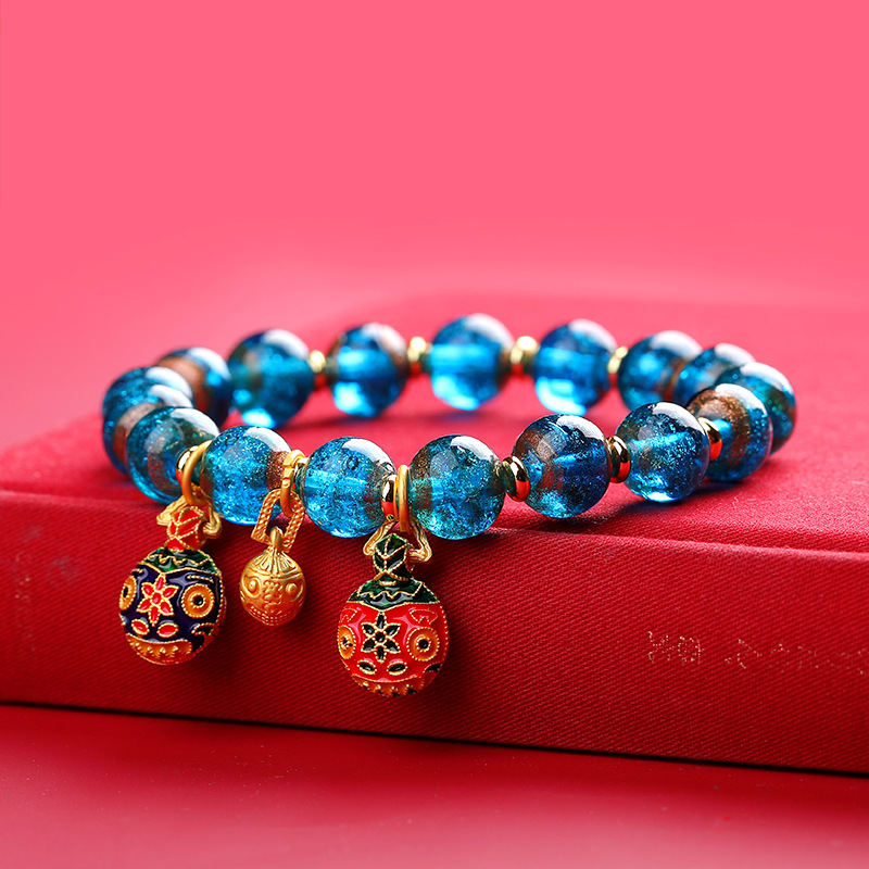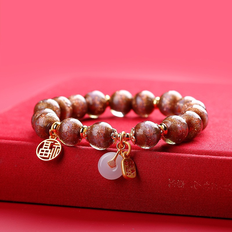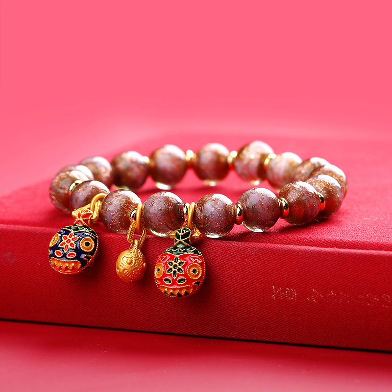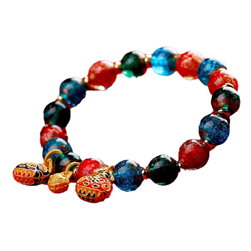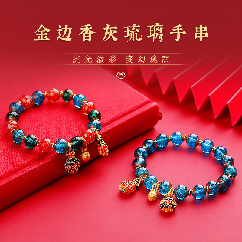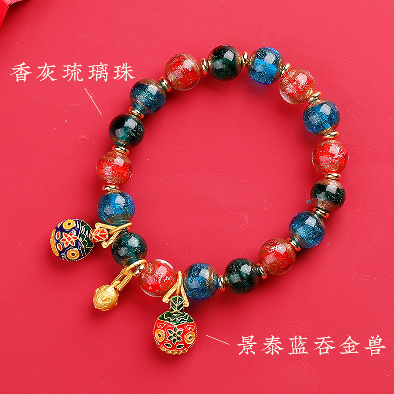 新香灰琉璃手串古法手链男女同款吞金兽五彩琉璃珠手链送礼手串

...

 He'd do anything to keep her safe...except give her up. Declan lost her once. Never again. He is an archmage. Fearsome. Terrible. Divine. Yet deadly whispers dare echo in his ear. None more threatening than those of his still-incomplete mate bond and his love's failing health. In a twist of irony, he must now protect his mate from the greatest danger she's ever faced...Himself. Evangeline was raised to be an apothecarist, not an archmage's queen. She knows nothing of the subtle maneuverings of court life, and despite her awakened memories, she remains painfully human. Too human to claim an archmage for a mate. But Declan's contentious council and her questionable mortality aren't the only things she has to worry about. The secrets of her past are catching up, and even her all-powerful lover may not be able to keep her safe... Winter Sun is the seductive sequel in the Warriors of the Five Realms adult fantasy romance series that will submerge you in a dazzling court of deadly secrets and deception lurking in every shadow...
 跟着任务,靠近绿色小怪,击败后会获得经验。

Instructions to follow: Print, without alteration, only the lines above between the one holding "He'd do anything" and the one holding "跟着任务,靠近绿色小怪,击败后会获得经验。", inclusive.

Response:
 He'd do anything to keep her safe...except give her up. Declan lost her once. Never again. He is an archmage. Fearsome. Terrible. Divine. Yet deadly whispers dare echo in his ear. None more threatening than those of his still-incomplete mate bond and his love's failing health. In a twist of irony, he must now protect his mate from the greatest danger she's ever faced...Himself. Evangeline was raised to be an apothecarist, not an archmage's queen. She knows nothing of the subtle maneuverings of court life, and despite her awakened memories, she remains painfully human. Too human to claim an archmage for a mate. But Declan's contentious council and her questionable mortality aren't the only things she has to worry about. The secrets of her past are catching up, and even her all-powerful lover may not be able to keep her safe... Winter Sun is the seductive sequel in the Warriors of the Five Realms adult fantasy romance series that will submerge you in a dazzling court of deadly secrets and deception lurking in every shadow...
 跟着任务,靠近绿色小怪,击败后会获得经验。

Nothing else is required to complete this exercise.